SED is P/NP or P=NP or none?



[brian hiles]
All the above has the virtue of being both a proper superset of sed(1)
and P/NP complete. It is possible to prove this mathematically.

  [paolo]
  sed is P/NP complete.  There is a Turing machine script on the grab
  bag.

    [brian hiles]
	I don't think you realize either the complexity of the P/NP
	problem (it's a mathematical problem that has been worked on for a
	hundred years), nor the applicability to a Turing machine to its
	proof (the fact that turing.sed exists has nothing whatsoever to
	do with the fact that sed(1) is P/NP complete or not.)

      [paolo]
	  I probably misunderstood.  Isn't it that whatever is equivalent
	  to a Turing machine can compute any decidable problem?

        [brian hiles]
		Well, yes and no. The P/NP problem (AKA or analogous to the
		"P=NP? problem," "p-time reducibility," "NP-completeness,") is
		indeed a mathematical assertion asks if any set of finite
		objects of a certain mathematical space (numbers, polynomials,
		...) encoded in a finite language that is accepted by a
		non-deterministic Turing machine in polynomial time is also
		"decidable in polynomial time by a deterministic machine."
		according an old textbook from college I had to check;
		however, P/NP (not under that name) predates Turing, although
		P/NP has come to be described using the vernacular of that
		theory. Even in this, _I don't believe_ the Turing Machine has
		itself "answered" the P/NP Problem.
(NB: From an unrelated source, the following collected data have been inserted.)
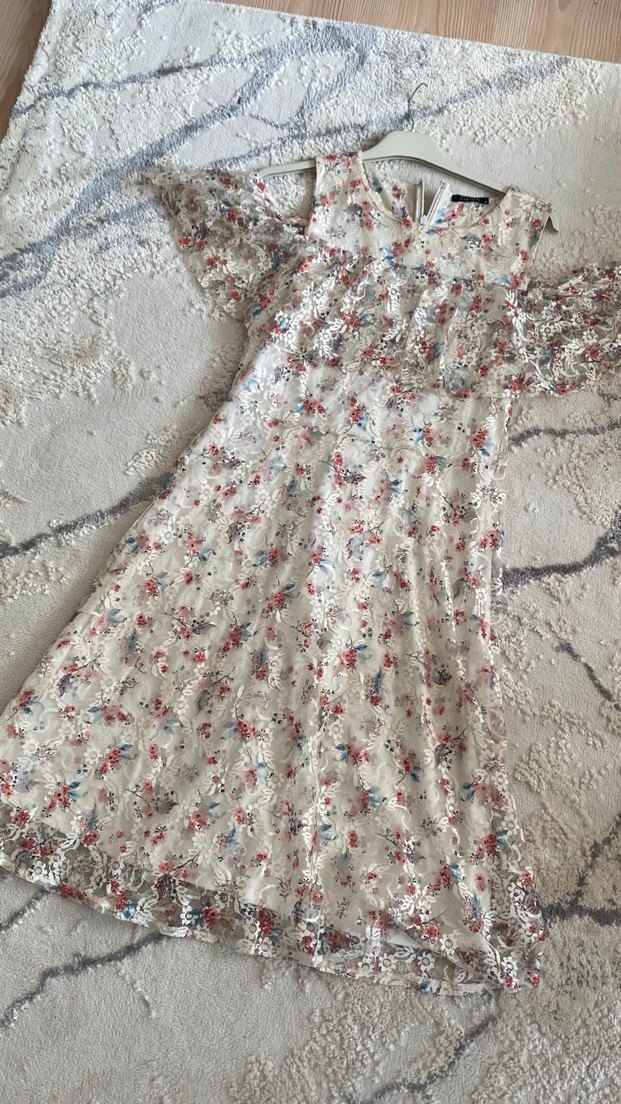 Beyaz renkte, pastel nakışlı çiçek desenleriyle uzun, bol kesim ve kısa kollu bohem tarzı kadın elbisesi.
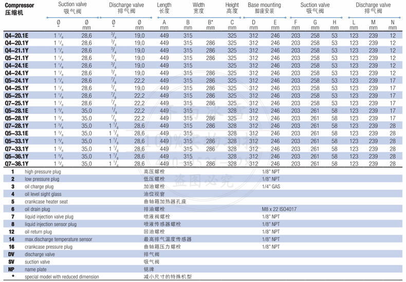 壓縮機型號
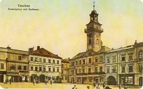The city hall in Demel Square. The Cieszyn city hall, together with a square, were built in 1496. The town hall was reconstructed many times, and its present appearance was achieved in 1844 thanks to a design by Andrzej Kment, who kept the earlier tower built by Ignatz Chambrez in 1800. On the opposite side of the city hall - is the old building of the “Brown Deer" Hotel with an adjoining tenement-house of the Seemann family.
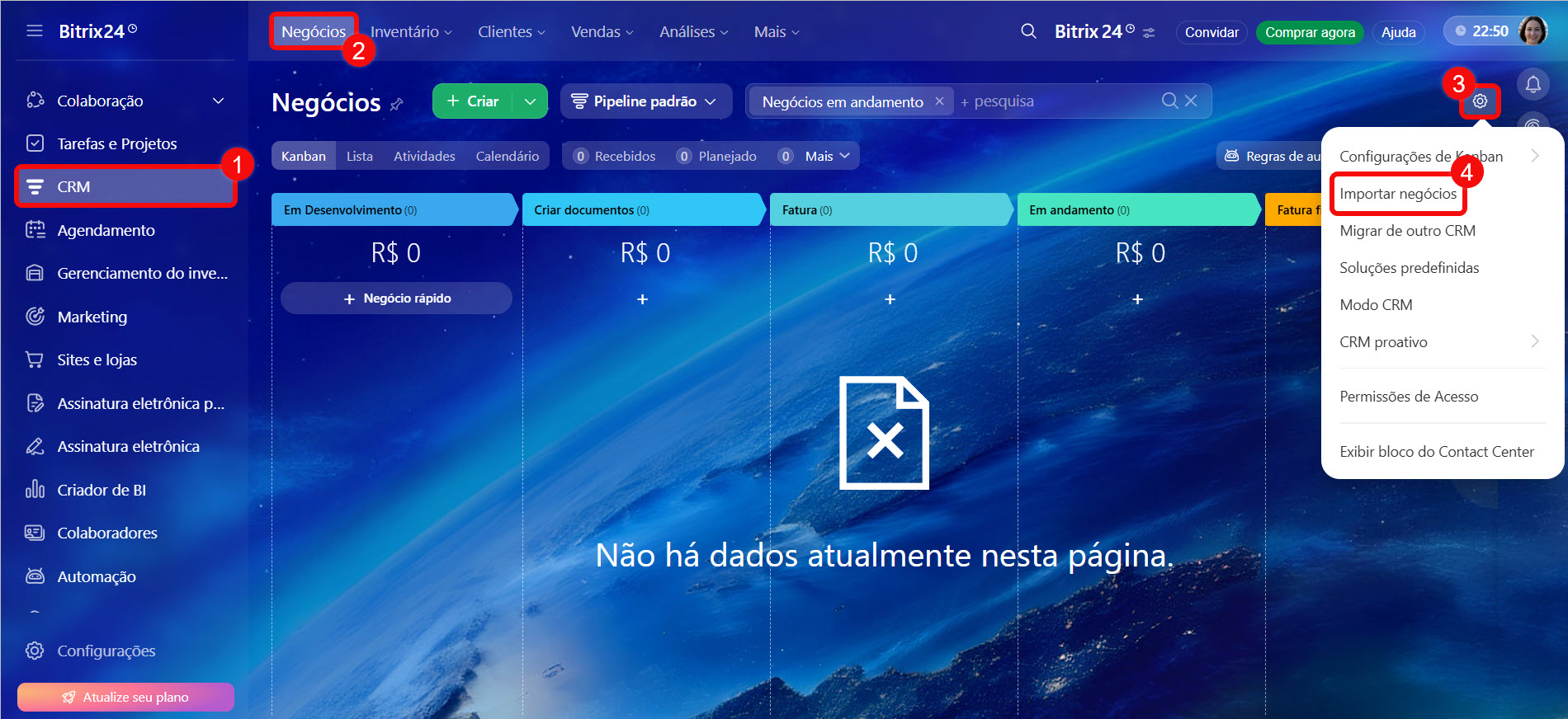Acesse CRM > Negócios. Clique em Configurações (⚙️) à direita e selecione Importar negócios.
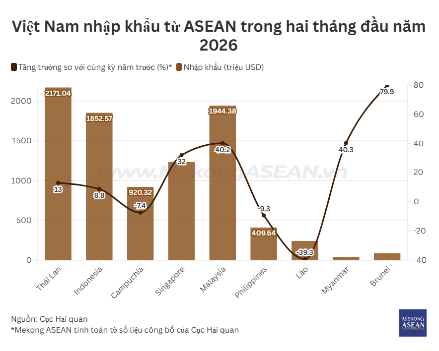 Theo số liệu từ Cục Hải quan, hai tháng đầu năm 2026, kim ngạch xuất nhập khẩu Việt Nam – ASEAN đạt 15,2 tỷ USD, tăng 12% so với cùng kỳ năm trước (YoY).
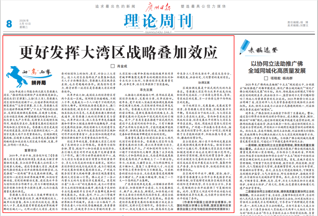 2026年政府工作报告两次提及粤港澳大湾区,“推动科技创新和产业创新深度融合。建设北京(京津冀)、上海(长三角)、粤港澳大湾区国际科技创新中心,打造世界级科技创新策源地”“支持京津冀、长三角、粤港澳大湾区打造世界级城市群”。“十五五”规划建议指出,发挥区域协调发展战略、区域重大战略、主体功能区战略、新型城镇化战略叠加效应,优化重大生产力布局,发挥重点区域增长极作用,构建优势互补、高质量发展的区域经济布局和国土空间体系。粤港澳大湾区是我国开放程度最高、经济活力最强的区域之一,在国家发展大局中具有重要地位。区域协调发展战略、区域重大战略、沿海率先发展战略等战略的叠加效应使大湾区成为创新、发展、开放、合作的一片热土。
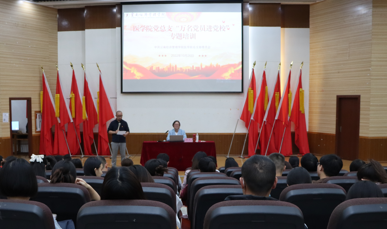 - 为了深入学习贯彻党的二十大精神,聚焦全面贯彻党的教育方针,落实全面从严治党方面和立德树人的根本任务,持续巩固党史学习教育的成果。医学院党总支于2022年10月26日在实训楼201开展了“万名党员进党校”专题培训会。此次参会人员有医学院全体党员、预备党员、党员活动中心全体人员。
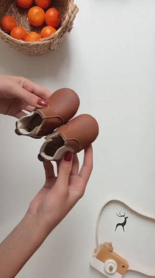 La bota unisex vintage color caramelo para bebé es perfecta para completar looks de otoño e invierno con elegancia y calidez. Con un diseño retro, un acabado impecable y una suela flexible, ofrece estabilidad y libertad para los pies en desarrollo.
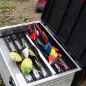 Labākajiem makšķerniekiem balvās tika LLKC Zivsaimniecības nodaļas sarūpētais – lietusmēteļi, cepurītes, blociņi un makšķerēšanas piederumu kastītes. Katram tika plakāts “Latvijas zivis”. Viens puisis izskatījās laimīgs un teica, ka tādu piederumu kastīti jau sen vēlējies, un tagad ļoti priecājās.
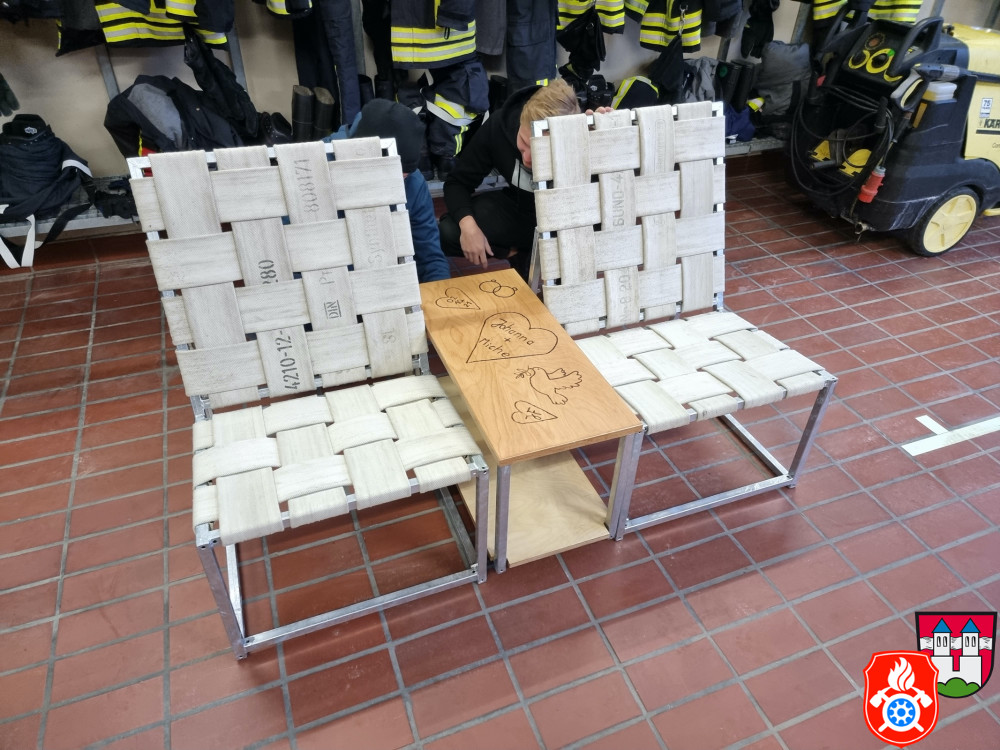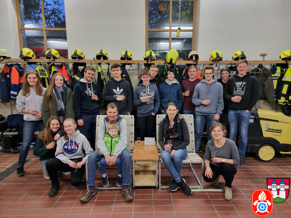 Natürlich haben wir uns auch dazu ein besonderes Geschenk überlegt und viel Zeit dafür investiert. Für die Geschenkübergabe haben wir die beiden mit Sohn zu einem späteren Zeitpunkt zu uns ins Feuerwehrhaus eingeladen. Johanna hatte für uns noch leckeren Kuchen dabei. Es war somit für beide Seiten ein voller Erfolg.
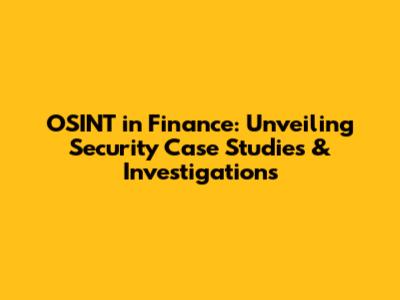 OSINT In Finance: Security Case Studies & Investigations
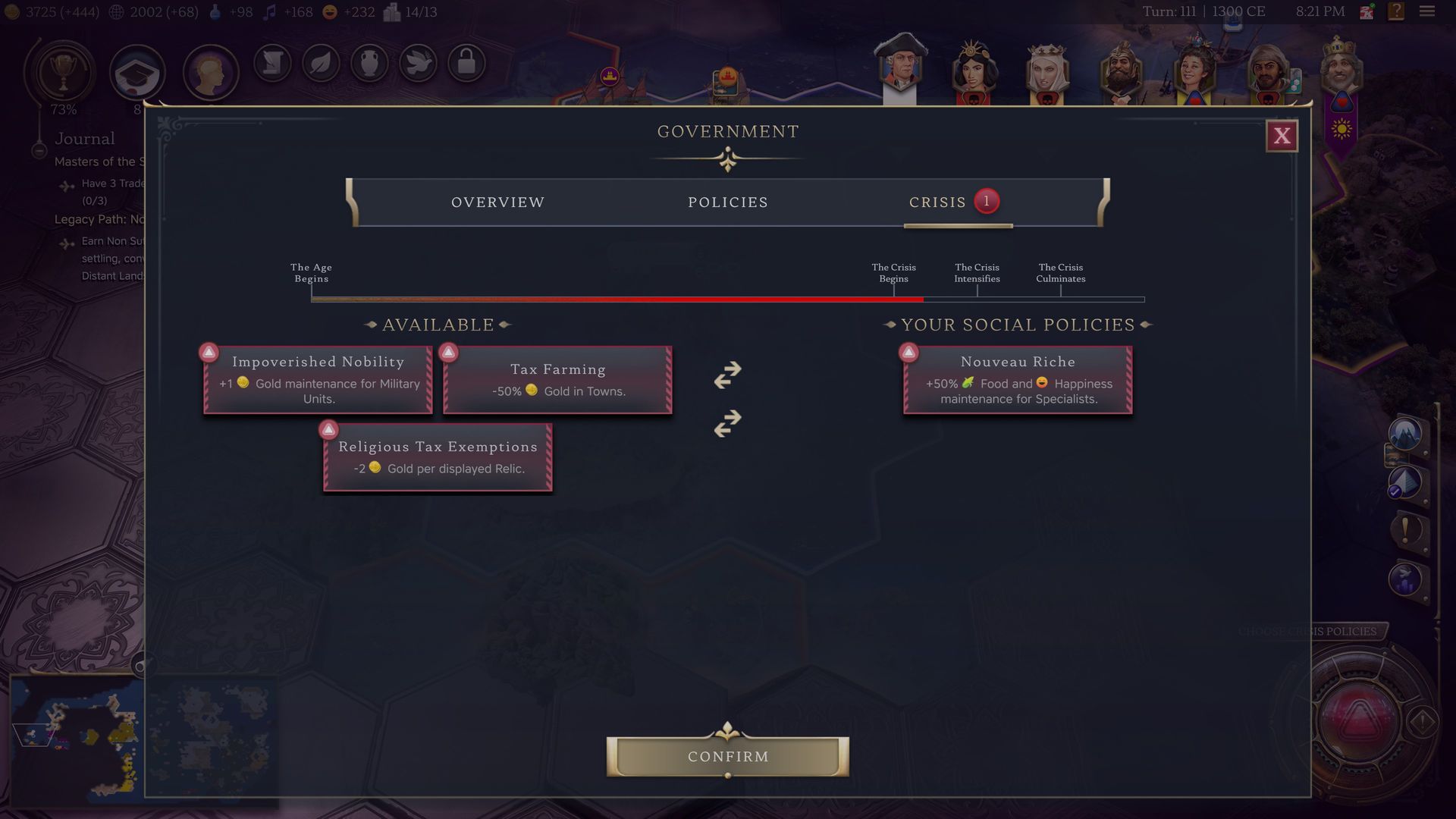 A játékot valahogyan meg is kellene nyerni, ezt pedig a négy nagy útvonal egyikének a követésével tehetjük meg: kultúra, tudomány, hadászat / gyarmatosítás és gazdaság. Úgy kell ezt elképzelni, hogy a négy ághoz kapunk küldetéseket és egy hosszútávú feladatot. A küldetések teljesítése után útvonal-specifikus pontokat kapunk, amiket a következő korban elkölthetünk extrákra. Ezek a bónuszok akár az egész korra kihatással lehetnek, szóval érdemes minimum kettő költhető pontot összeszedni egy ágról. Ha egy ágat kimaxolunk, akkor a következő korban aranykori bónuszokat is kapunk, de nagy valószínűséggel csupán egy ilyen ág-teljesítést lehet elkövetni egy korban, így érdemes specializálódni valamerre.

It is generally
		conjectured that the answer is negative, but a proof of the
		conjecture seems to be far away.

		Additional examples of NP-complete problems are "SAT, 3-SAT,
		clique, 3-colorability, graph embedding, travelling salesman
		problem, Nullstellensatz over finite fields, bounded Hilbert's
		10th problem, integer linear programming, subsetsum problem,
		hitting set and covering set problem," from the same text, of
		which I have personally studied colorability, graph embedding,
		the travelling salesman problem -- and Frege, having taking a
		format logic class at Cal Berkeley by a protege of Kleene, a
		noted mathematician in that field.

      [björn]
	  I understand the P = NP problem, but I fail to see what it has
	  to do with sed, and -- more specifically -- what it has to do
	  with extensions to sed?

        [brian hiles]
		It has everything to do with sed, extensions to sed, language
		design, language theory, and indeed computers in general. I
		really cannot decide whether to be frank or sarcastic, but
		I'll defer and hope the issue will have been made clear with a
		reading of the previous threads.

          [björn]
		  Why don't you try being frank? I am a last year Masters
		  student in Computer Science, having studied both complexity
		  and some language theory. The statement of yours that I have
		  trouble understanding is the following:

              [brian hiles]
			  All the above has the virtue of being both a proper
			  superset of sed(1) and P/NP complete. It is possible to
			  prove this mathematically.
          
          [björn]
		  With "the above" referring to your suggestions of changes to
		  sed. In what way do you mean to say that those changes are
		  "P/NP complete"? Or are you referring to sed being "P/NP
		  complete"?

            [paolo]
			Actually I didn't understand this at all too.  I cannot
			see why the proposed additions (some of which might even
			be worse than L :-) make sed *computationally* more
			powerful.  sed is already Turing-complete (I too am a last
			year Masters student in Computer Science by the way).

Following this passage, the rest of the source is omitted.